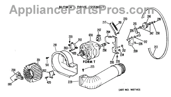 The Blower Wheel is an OEM replacement part for GE dryers. It has a role in the air circulation within the dryer, aiding in the even and efficient drying of clothes. The blower wheel, connected to the motor, helps in expelling the moist air out of the dryer through the exhaust vent during the drying cycle. Causes of a malfunctioning blower wheel are typically wear and tear from regular use, the accumulation of lint or debris, or damage to the wheel’s fins or central hub, which can impact its rotation and air circulation capability. Symptoms of a bad Blower Wheel include:
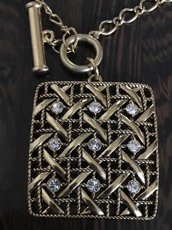 Florange кольє у вінтажному стилі довжина 46 см + 4 см підвіс, з ювелірного сплаву лимонного кольору з патиною, не темніє, начищати не потрібно, виглядає дуже стильно і дорого, застібка кільце і планочка, яка в нього входить і стає впоперек, дуже міцна розмір підвісу 4х4 см, 9 кристалів Сваровські, упакований в червоний оксамитовий мішечок і червону лакову коробочку
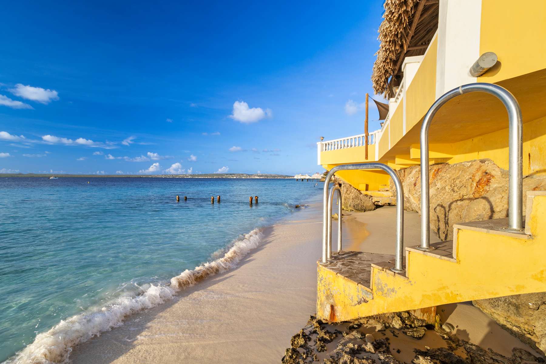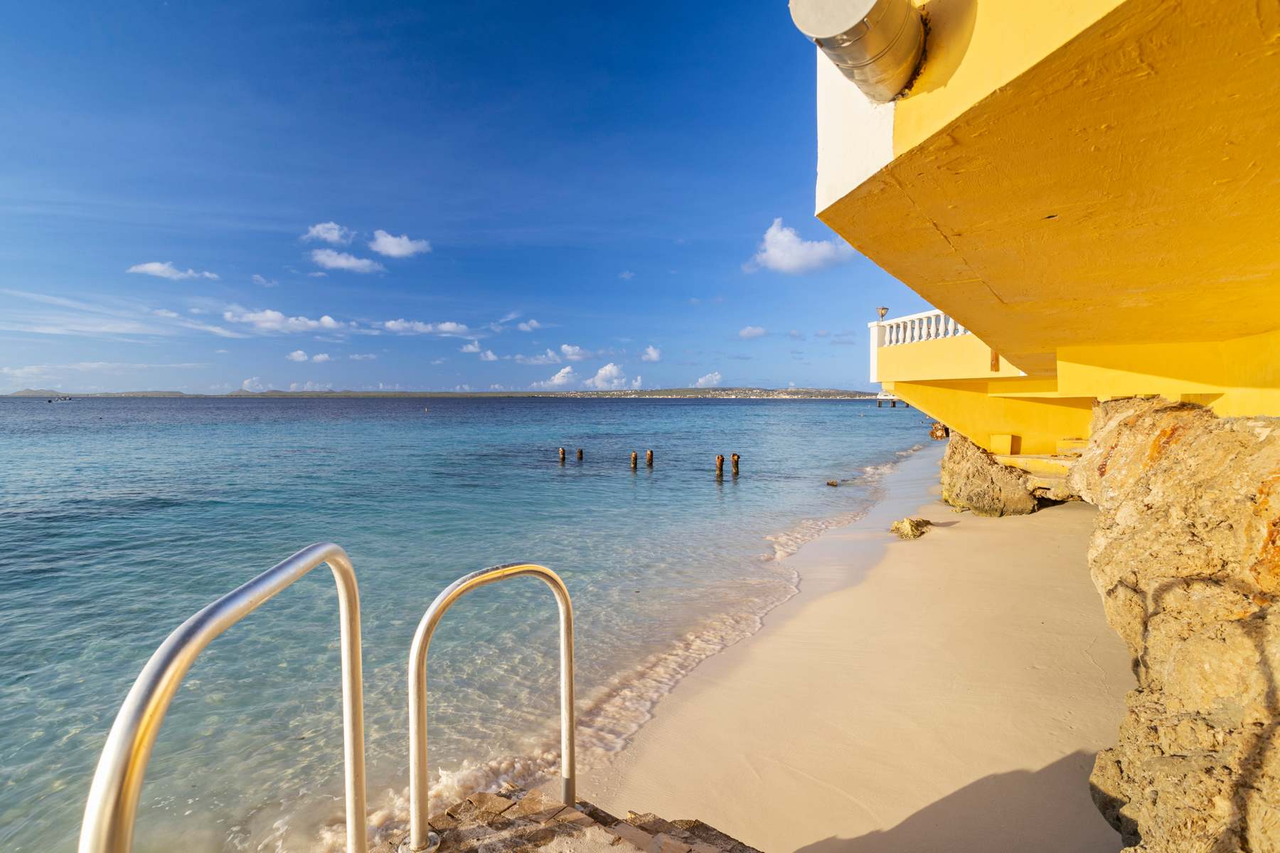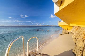 Op een paar stappen ligt de Bachelor’s Beach, een geliefd kleinschalig strandje aan de zuidrand van Kralendijk. Je daalt een trap af langs een rotswand van ongeveer 3 meter naar een smalle, vaak half verborgen strook zand. Het water is hier kalm en helder, met mooie snorkelmogelijkheden in de ondiepe koraaltuin dichtbij de kant. Neem waterschoenen mee voor het in- en uitstappen. Het is een relaxte plek voor een duik in zee en om de dag af te sluiten met uitzicht over de Caribische Zee.

Task details:
Reproduce the entire listing exactly, but omit any pictures.

Answer for this exercise:
 The Blower Wheel is an OEM replacement part for GE dryers. It has a role in the air circulation within the dryer, aiding in the even and efficient drying of clothes. The blower wheel, connected to the motor, helps in expelling the moist air out of the dryer through the exhaust vent during the drying cycle. Causes of a malfunctioning blower wheel are typically wear and tear from regular use, the accumulation of lint or debris, or damage to the wheel’s fins or central hub, which can impact its rotation and air circulation capability. Symptoms of a bad Blower Wheel include:
 Florange кольє у вінтажному стилі довжина 46 см + 4 см підвіс, з ювелірного сплаву лимонного кольору з патиною, не темніє, начищати не потрібно, виглядає дуже стильно і дорого, застібка кільце і планочка, яка в нього входить і стає впоперек, дуже міцна розмір підвісу 4х4 см, 9 кристалів Сваровські, упакований в червоний оксамитовий мішечок і червону лакову коробочку
 Op een paar stappen ligt de Bachelor’s Beach, een geliefd kleinschalig strandje aan de zuidrand van Kralendijk. Je daalt een trap af langs een rotswand van ongeveer 3 meter naar een smalle, vaak half verborgen strook zand. Het water is hier kalm en helder, met mooie snorkelmogelijkheden in de ondiepe koraaltuin dichtbij de kant. Neem waterschoenen mee voor het in- en uitstappen. Het is een relaxte plek voor een duik in zee en om de dag af te sluiten met uitzicht over de Caribische Zee.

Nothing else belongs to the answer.